Video outpainting generates plausible visual content beyond the original spatial extent of a video, playing a key role in adapting videos to diverse display formats. To support such use cases, it must enable large spatial extrapolation over long sequences. However, most existing methods address only one of these challenges or lack explicit mechanisms for ensuring global spatio-temporal consistency, leading to notable limitations. In this paper, we propose HL-OutPaint, a high-resolution video outpainting framework for long sequences. Our approach follows a coarse-to-fine strategy with a two-stage pipeline. We first construct Global Coarse Guidance (GCG), a low-resolution representation that captures global structure and dominant motion across the video. Unlike naive downsampling, GCG is built via a novel global-local frame swapping mechanism that couples sparse global keyframes with local temporal windows and exchanges information during sampling. This enables GCG to encode both long-term structural consistency and short-term temporal dynamics in a unified representation. Guided by this representation, HL-OutPaint then performs high-resolution outpainting to generate spatially detailed and temporally consistent content. By separating global structure modeling from fine-grained synthesis, our framework achieves stable, coherent generation for large spatial expansion and long video sequences. Extensive experiments show that HL-OutPaint outperforms existing methods in challenging scenarios involving wide spatial extrapolation and long video sequences.

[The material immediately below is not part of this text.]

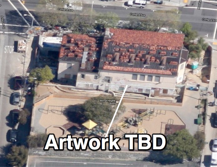 The library task force has chosen Johanna Poethig to create the playground-side artwork. Johanna has a long history with community-focused public art, and she is seeking input from Bernal neighbors via a survey (linked below). The Bernal Library Art Project tells us:

翻译：视频外扩技术在原始视频空间范围之外生成合理的视觉内容，对于将视频适配至多种显示格式起着关键作用。为支持此类应用场景，该技术必须能够对长序列实现大幅度的空间外推。然而现有方法大多仅能应对上述挑战之一，或缺乏确保全局时空一致性的显式机制，从而存在显著局限性。本文提出HL-OutPaint——一种面向长序列的高分辨率视频外扩框架。该方法采用由粗到精策略，通过两阶段流水线实现：首先构建全局粗粒度引导（GCG），这是一种捕获视频全局结构与主导运动的低分辨率表征。与简单下采样不同，GCG通过一种新颖的全局-局部帧交换机制构建，该机制将稀疏的全局关键帧与局部时间窗口耦合，并在采样过程中交换信息。这使得GCG能够在统一表征中同时编码长期结构一致性与短期时域动态。在此表征引导下，HL-OutPaint进而执行高分辨率外扩，生成空间细节丰富且时域一致的视频内容。通过将全局结构建模与细粒度合成相分离，本框架能够针对大范围空间扩展和长视频序列实现稳定且连贯的生成。大量实验表明，在涉及大幅空间外推与长视频序列的挑战性场景中，HL-OutPaint优于现有方法。